In Stati Uniti contro Nixon (1974), la Corte Suprema degli Stati Uniti, citando molti casi storici, comprese le opinioni del giudice capo Marshall Marbury contro Madison (1803) e Stati Uniti contro Burr, ha affermato che spetta all'Alta Corte trovare un equilibrio tra la necessità di riservatezza del presidente nell'esecuzione dei suoi doveri costituzionali, da un lato, e "le richieste fondamentali del giusto processo della legge nell'equa amministrazione della giustizia penale", dall'altro . L'opinione unanime della Corte espressa dal presidente della Corte Suprema Warren E. Burger è stata attenta a dare grande credito alla necessità del presidente di completa franchezza e obiettività da parte dei suoi consiglieri. I giudici hanno inoltre riconosciuto la necessità di un elevato grado di riservatezza per le deliberazioni interne del ramo esecutivo del governo. Il giudice capo Burger ha convenuto che, se fossero in gioco segreti militari o diplomatici, la Corte potrebbe giungere a una conclusione diversa. Tuttavia, dato che le affermazioni del presidente Nixon erano basate su una dichiarazione generale di privilegio esecutivo senza affermare che fossero in gioco segreti di stato, il dovere costituzionale dei tribunali è quello di garantire un giusto processo legale, qualcosa che le azioni di Nixon stavano gravemente compromettendo, secondo la Corte.

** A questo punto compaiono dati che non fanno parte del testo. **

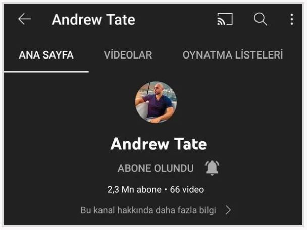 Hesabın isminin 'Andrew Tate' şeklinde değiştirildiği, içeriklerin ise tamamının silindiği görüldü.
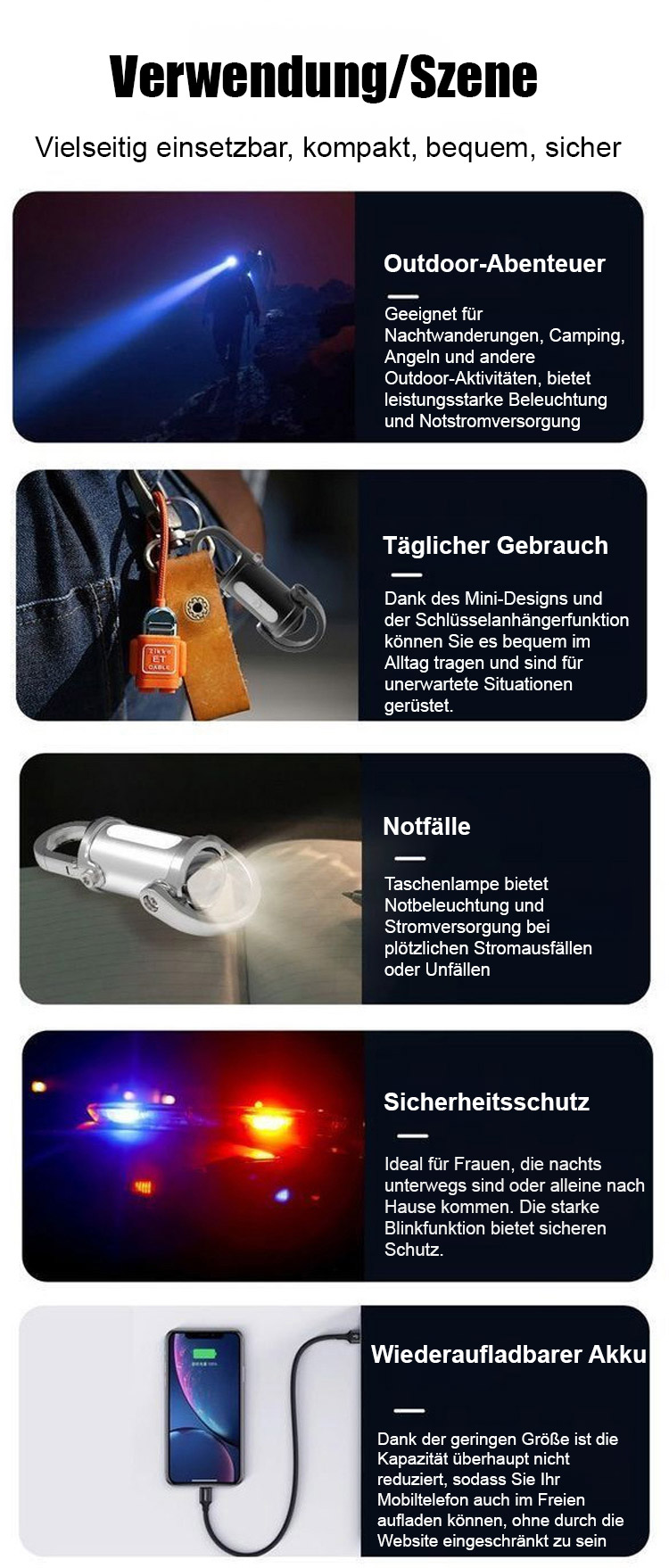 Nur noch 20 Plätze frei für 50 % Rabatt! Zwei-in-eins-Schlüsselanhänger-Taschenlampe: Leuchtet ein halbes Fußballfeld in einer Sekunde aus und dient gleichzeitig als Powerbank.

I giudici hanno stabilito che il presidente Nixon doveva conformarsi alla citazione capi emesso dal giudice capo John J. Sirica del tribunale distrettuale degli Stati Uniti per il distretto di Columbia. Nixon si preparò immediatamente a consegnare il materiale citato in giudizio al giudice capo Sirica.

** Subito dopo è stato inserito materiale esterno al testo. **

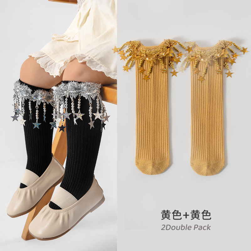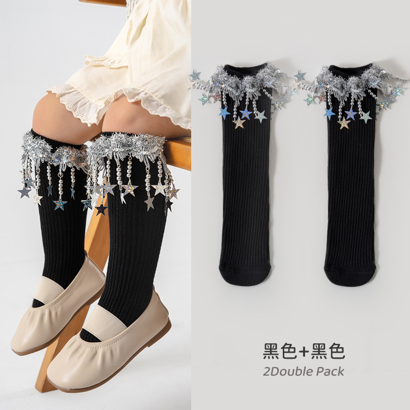 소녀 양말 봄과 가을 5 성급 트루 더블 바늘 어린이 대학 스타일 중간 길이 양말 한국식 소녀 아기 롱 튜브
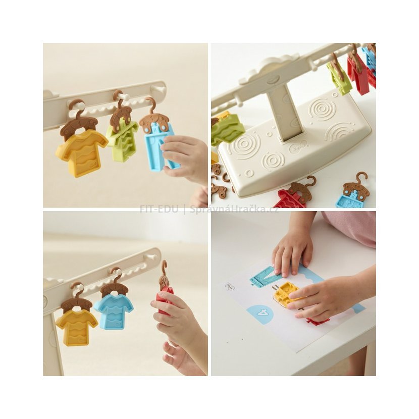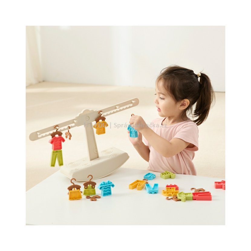 Objevování rovnováhy – zavěšováním oblečení na váhu se učí, jak udržet správnou stabilitu.
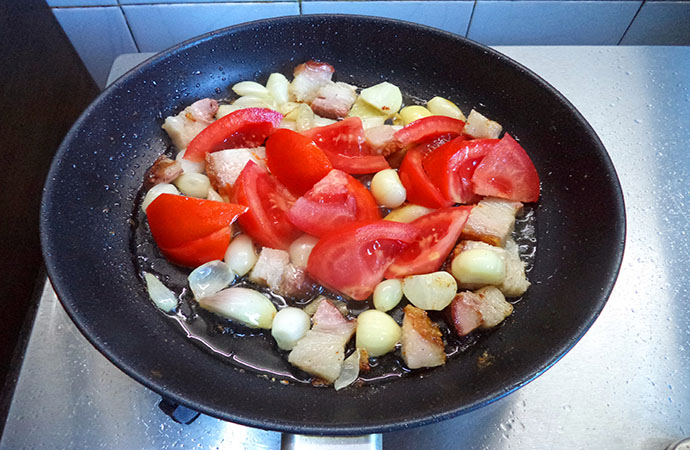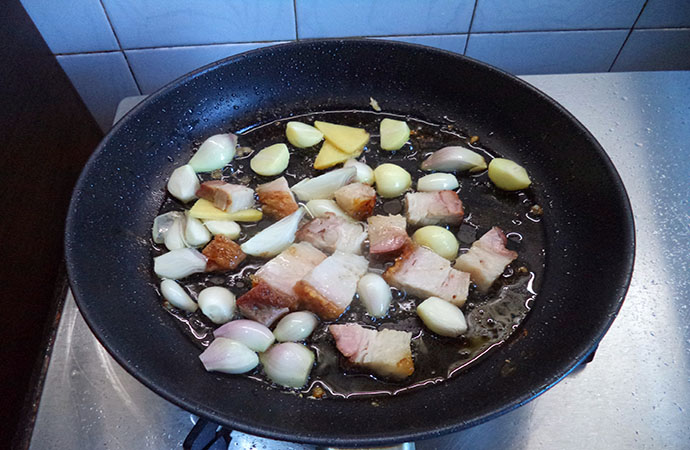 3.余下的油,煸香蔥姜蒜與燒肉

I presidenti da Nixon hanno continuato a sostenere che il posto speciale che la presidenza occupa sotto il sistema costituzionale americano richiede che gran parte delle sue deliberazioni interne rimangano segrete e privilegiate. Di fronte a indagini, pubblici ministeri speciali, citazioni in giudizio e procedimenti di impeachment, il presidente William J. Clinton, ad esempio, ha affermato che gran parte di ciò che accadeva nello Studio Ovale era protetto dal privilegio esecutivo e dall'immunità esecutiva, e che lui ei suoi aiutanti avrebbero dovuto non è necessario rispondere a citazioni in giudizio. Come nel caso del presidente Nixon, il presidente Clinton alla fine accettò il posto suo e del suo ufficio sotto lo stato di diritto. Da Stati Uniti contro Nixon, Le richieste di immunità del potere esecutivo dai normali processi del sistema legale americano sono state mitigate dal fatto che le richieste costituzionali di un giusto processo di legge e giustizia probabilmente supereranno le richieste di immunità dell'esecutivo dalle citazioni in giudizio.